Okay, so that picture may not be the most aptly suited to my argument, because it looks like a real pile up, but I just like the correlation between the large metal object not too dissimilar from a screw and the man's Frankenstein-esque expression and physique. Did he take that out of his neck to swing with?

But think of it this way. There's a reason why people don't have "Street-Rage" or "Walking-Rage" and it's because it's incredibly rude and, well, dangerous. Can you imagine being trapped behind a slow moving eldery couple on a narrow sidewalk, and instead of just waiting for your chance to pass shouting "BWAAAAAAAAAAAAAP, BWAAAAAAAAAAAP" as loud as you can until they "got the picture" and sped up? Can you imagine yourself bitching about how slow they're going loud enough for them to hear? Can you imagine doing it behind a 6'5 guy named
Toenails whose left arm has been grafted on with bobby pins?

I don't see complaing or honking as a legitimate response to poor driving. For God's sake, driving's a lot faster than walking, shouldn't walking people be more in a hurry? When enclosed in the four walls of a car, where their words and narcissistic bitchings can't be heard by others, people gain a petty form of courage most call, well, cowardice. Road Rage tells more about the person driving than it does the abilities of the other car. It tells if they're easy to anger, it tells if they have no respect for the particulars of other people, (say, the other car could be new to the city and looking for a street #) and it tells, if there are others in the car with them, that they rather rudely consider bitchings about being slowed up 10 extra seconds more important than your conversation. The walking example is best, outside of the protection of the car you wouldn't act this way. Is this the face of the everyday human when given anonimity?

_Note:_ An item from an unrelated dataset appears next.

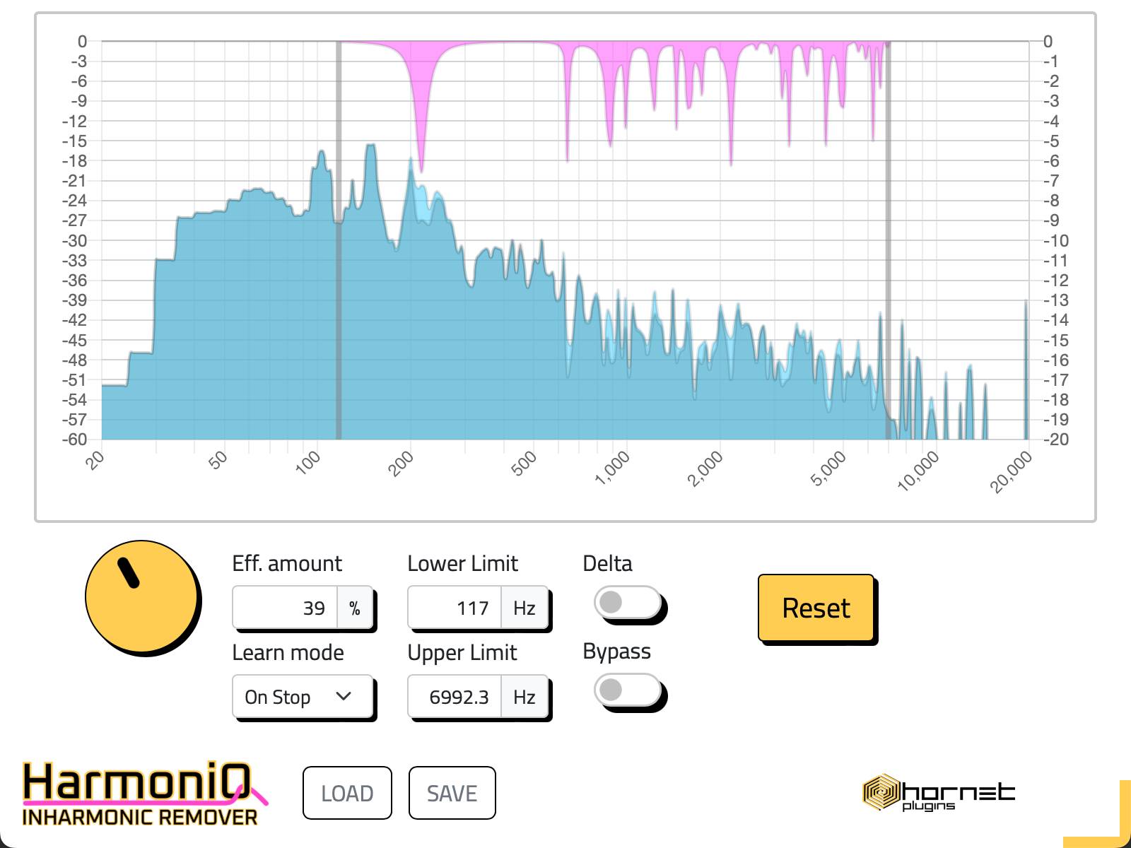 The first plugin in my equalizer chain is HoRNet HarmoniQ. This automatic equalizer is excellent for identifying and controlling inharmonic frequencies that can otherwise create harshness or interfere with the clarity of your track. HarmoniQ features specific filters designed to target these problematic areas, and I use it with a light touch—only about 30% effect intensity. This helps to reduce unwanted frequencies by up to 6 dB without over-processing the sound. The goal is to create a cleaner mix that allows the musical content to shine without any grating overtones. Using HarmoniQ at this subtle level helps maintain the musicality of the track while enhancing its overall smoothness.

Honking is the funniest because it is so nondescript. When something tees you off you press a button that emits a loud noise. The pitch never changes. Sound never changes. Only the duration can be used to connotate anything, and even then - extremely long means "pissed off" and extremely short means "pissed off." It's kind of funny that two 'soft' ones in a row somehow implies a friendlier vibe.

Next time I'm behind some people walking slowly in the street I'm going to start onomatopoeically honking at them. They'd probably find it weird for some reason.

2 Comments:

Blogger Danny Smooth said...

The same thing goes for what i'm going to call Bike-rage.

When a cyclist is riding up in the sideWALK and rings his/her bell to get around the pedestrians and then acting all pissed off when I refuse to move.

Goddamn cyclists, the sidewalk is for walking not for you!

1:01 PM  
Blogger sandra the cheezygoof said...

the friendly double beep: that's my "the light's green buddy!"